Fidelma smiled briefly.
“I know of his reputation. He was spoken of as one of our greatest philosophers, not merely in this kingdom but among all five kingdoms of Ireland. So he was a convert to the Faith?”
“As were many in our poor benighted country when he was a young man. At that time, most of us cleaved to the old gods and goddesses of our fathers. The Faith was not so widespread through our kingdoms. Connla’s own father was a Druid and a seer. When he was young, Connla told me, he was going to follow the arts of his father’s religion. But he was converted and took his new name.”
“And became a respected philosopher of the Faith,” added Fidelma. “Well, tell me. . in fact, show me, how and where you discovered his body?”
Brother Gormgilla led the way toward the main chapel around which the various circular buildings of the community were situated. Next to the chapel was one small circular building outside the door of which the monk paused.

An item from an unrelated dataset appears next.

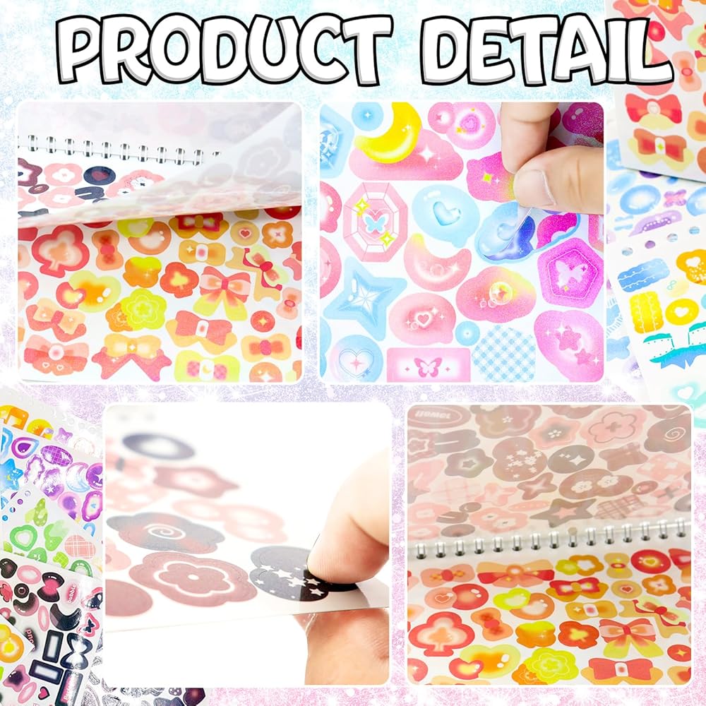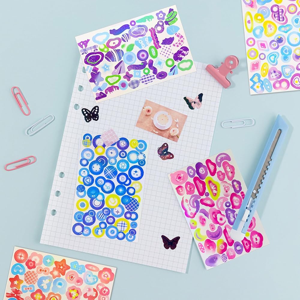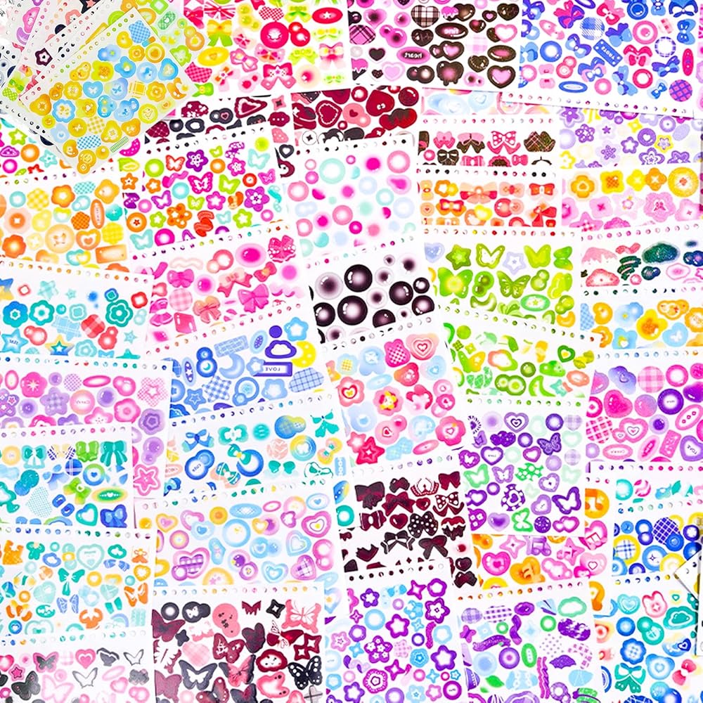 Unique and Variety: These cute korean stickers features distinct patterns and sizes, including stars, love hearts, moons, clouds, bowknots, butterflies, ribbons, and more, showcasing a shimmering and eye-catching appearance under light.

“Each morning, just before the Angelus, I came here to rouse and dress the Venerable Connla,” he explained.
“And on that morning. .? Take me through what happened when you found Connla was dead.”
“I came to the door. It was shut and locked. That was highly unusual. I knocked upon it and not being able to get an answer, I went to a side window.”
“One moment. Are you telling me that you did not possess a key to Connla’s chamber?”
“No. There was only one key, which the Venerable Connla kept himself.”